Time to change your kitchen? It’s the kind of thing that happens when work surfaces begin to look a little tired, when you spot a fancy new induction hob or maybe when you move house, but it will involve money.

If you’re on a budget, you may head for the freshly opened Ikea Planning Studio on London’s Tottenham Court Road, where on display are a range of kitchen roomsets and, on the floor above, a number of staff are on hand to help you cook up a food prep area to gasp over.

All good, but what happens if you happen to want a bedroom? Doubtless the same staff could help you to select from Ikea’s online emporium and go through the process of creating a dream bedroom, as it were, but the experience is unlikely to be as first hand as looking at stock/roomsets to get you in the mood and then heading off to the store’s design area.

Urban appeal

Follow this line of thought and it appears there are currently two approaches to the business of setting up shop in an urban location.

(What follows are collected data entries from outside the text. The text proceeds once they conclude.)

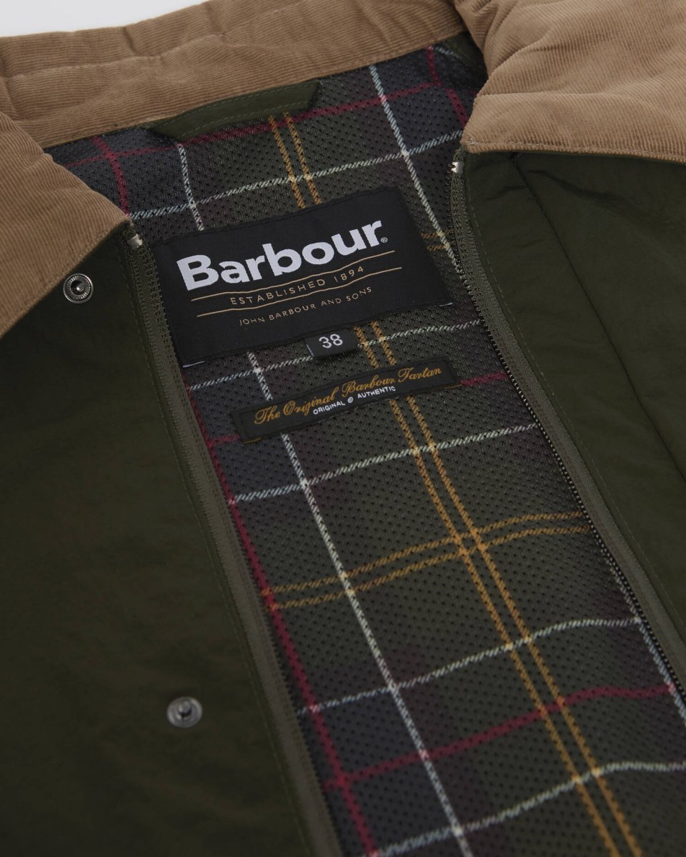 Jakken er udstyret med baby cord-krave, lynlåslukning med trykknapstolpe, skrålommer, elastiske manchetter og justerbar snøre i bunden. Indvendige tartan-detaljer og tonal Barbour-brodering på venstre lomme fuldender det ikoniske udtryk.
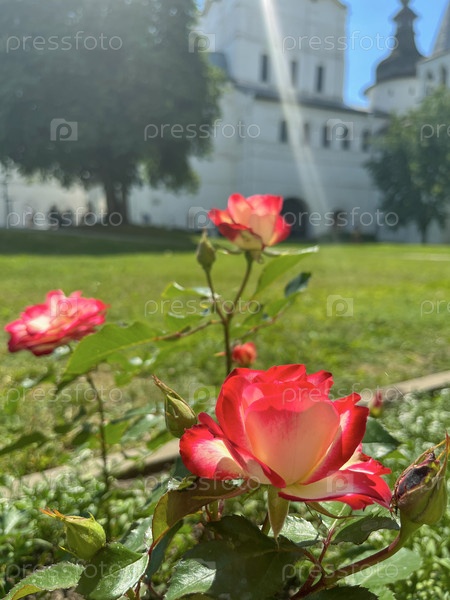 Летом на территории монастыря цветут яркие розы
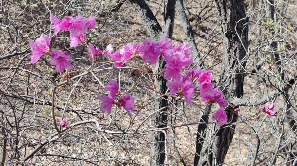 直接下山的路是羊标高速等级,收获也是大大的,左侧坡上,杜鹃花比比皆是,大饱眼福,照片记不下紫红色的娇艳。据说是国内唯一的木本菊科植物蚂蚱腿子也已在绽放。
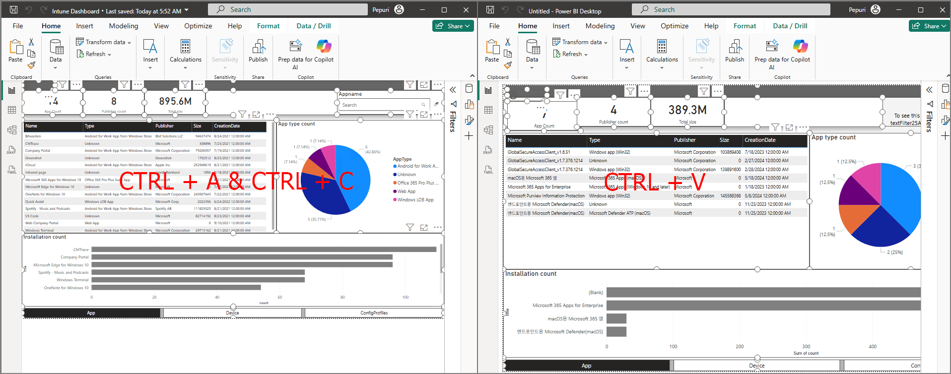 Power BI를 잘 활용하면 Intune 장치들을 직관적으로 관리할 수 있습니다.
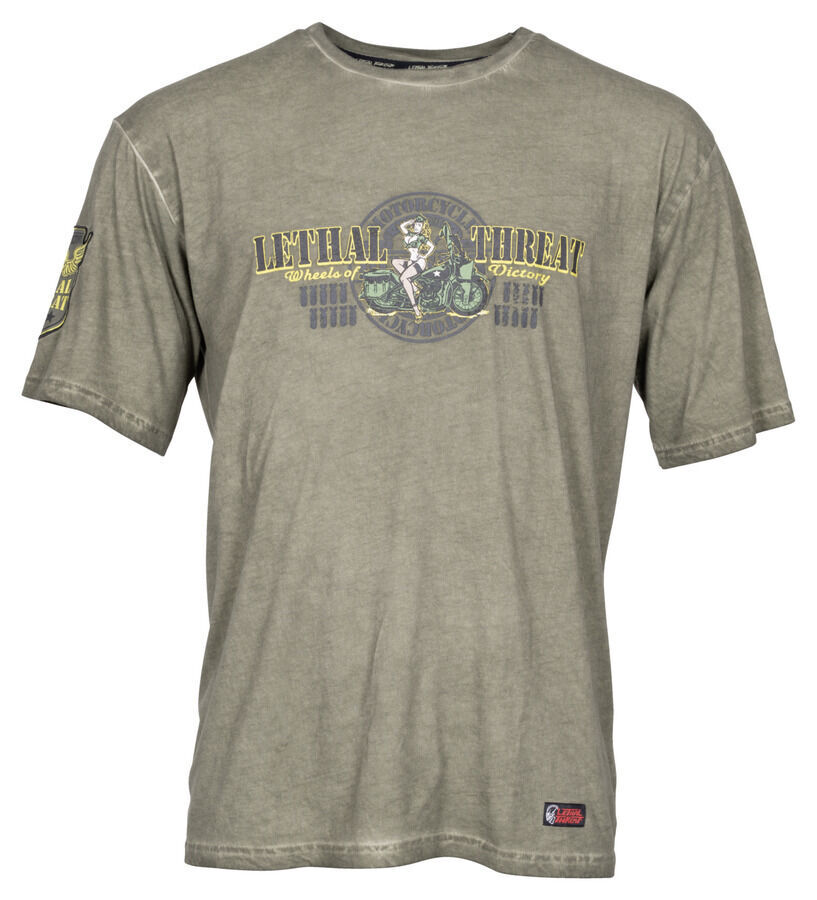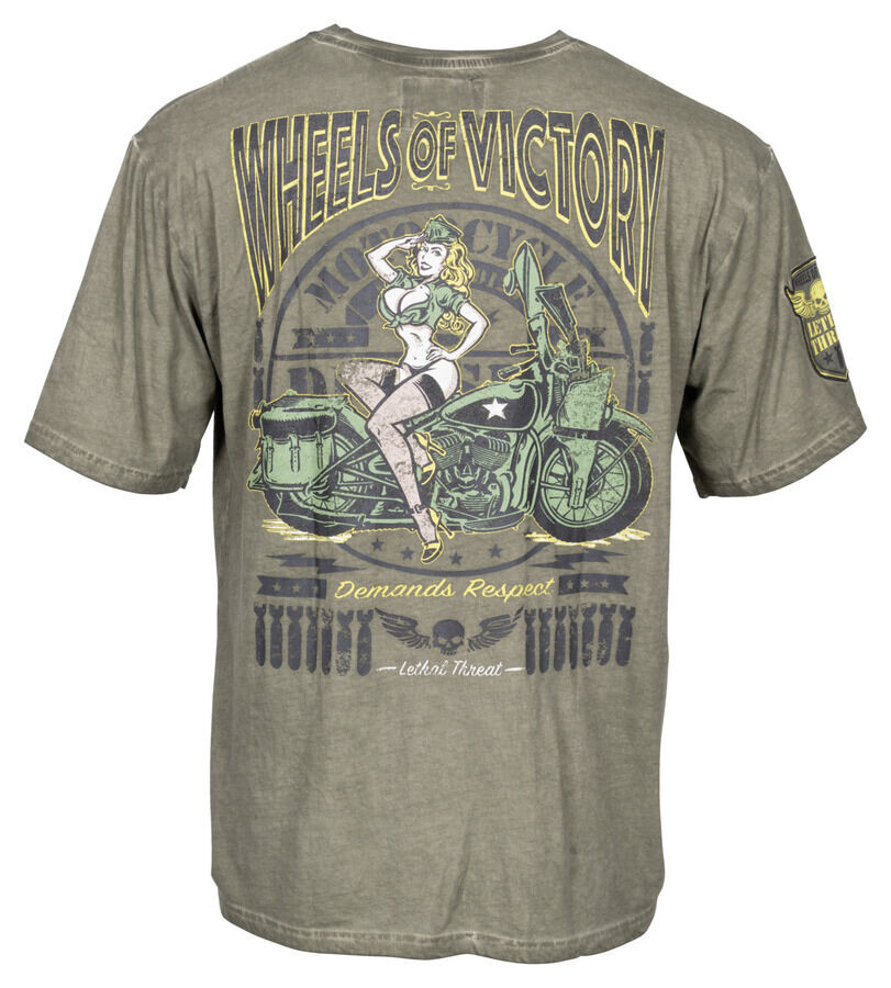 Ваши великолепные ощущения от езды на мотоцикле в новой футболке Lethal Threat *Wheels of Victory* — ваша победа на всем пути! Чистый Хлопок с эффектом стирки – ваш личный летний хит. .
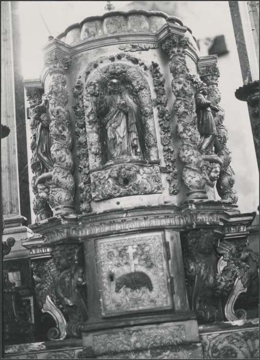 POP | Plateforme ouverte du patrimoineautel (maître-autel), éléments de retable, tabernacle, ses trois statuettes et deux statues : Angelots
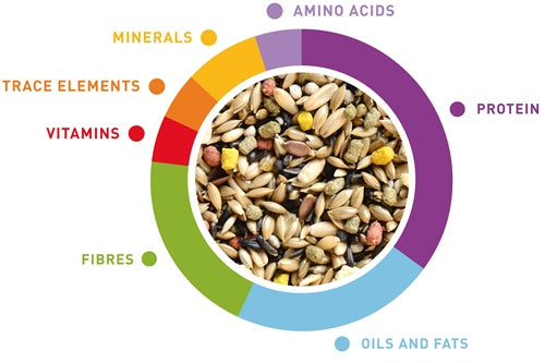 Feed formulated in cooperation with university researchers, comprising a blend of seeds and other select natural ingredients, integrated with extruded ProBalance granules (6%) that provide the micronutrients that are essential for a correct diet
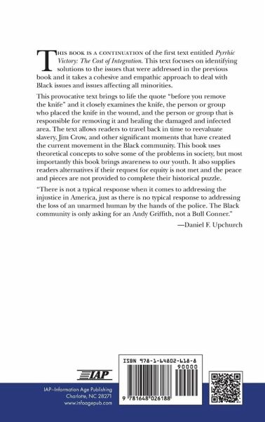 This book is a continuation of the first text entitled "Pyrrhic Victory The Cost of Integration". This text focuses on identifying solutions to the issues that were addressed in the previous book and it takes a cohesive and empathic approach to deal with Black issues and issues affecting all minorities. This provocative text brings to life the quote "Before You Remove The Knife" and it closely examines the knife, the person or group who placed the knife in the wound, and the person or group that is responsible for removing it and healing the damaged and infected area. The text allows readers to travel back in time to reevaluate slavery, Jim Crow, and other significant moments that have created the current movement in the Black community. This book uses theoretical concepts to solve some of the problems in society, but most importantly this book brings awareness to our youth. It also supplies readers alternatives if their request for equity is not met and the peace and pieces are not provided to complete their historical puzzle. "There is not a typical response when it comes to addressing the injustice in America, just as there is no typical response to addressing the loss of an unarmed human by the hands of the police. The Black community is only asking for an Andy Griffith, not a Bull Conner." -Daniel F. Upchurch.
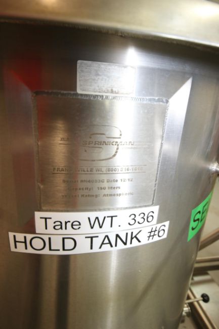 2012 Sprinkman 150 Liters S/S Mix Tank, S/N N4083C, Vessel Rating: Atmospheric, with Top Mounted Agitation, Baldor 5 hp S/S Clad Motor, 1765 RPM, 208-230/460 Volts, Includes Allen Bradley PowerFlex 4M VFD, Mounted on S/S Frame with Fork Placements (Rigging & Loading Fee $250.00) (Located in Pittsburgh, PA)

The first is to go niche and create an interior that will appeal to louche urban dwellers who want to make their urban pad ‘just so’. This will mean stores catering for kitchen buyers, other outlets for those wanting a new bedroom and standalone sitting room emporia, for example.

Then there are the catch-all merchants that will try to portray the essence of all, say, home interiors, with a few beds, a couple of kitchens and maybe a sofa or two (accompanied by appropriate accessories: mugs, jugs, scatter cushions and suchlike).

The latter approach is exemplified by the new Heals store in Westfield’s shopping centre at Shepherd’s Bush, which covers everything you might need for a contemporary home, albeit not in great depth.

But which is more likely to yield positive results? The answer is probably that either will do, as long as they are done well, but the single category does come with a significant caveat.

Width Vs depth?

The Ikea Planning Studio is just across the road from the Heals mothership (which is big enough to cover everything anyway) and the contrast is stark, but both will work for specific shoppers. The problem that Ikea faces is that small space and a single category does mean potentially shedding a few urban customers who might head across the street to Heals, or Habitat. Price is not all.

If you adopt the single category approach and you are in an area where there are options, you’d better be stone cold certain that there are enough customers of your chosen category to bring the whole thing successfully to the boil. Width, not depth, may actually be better.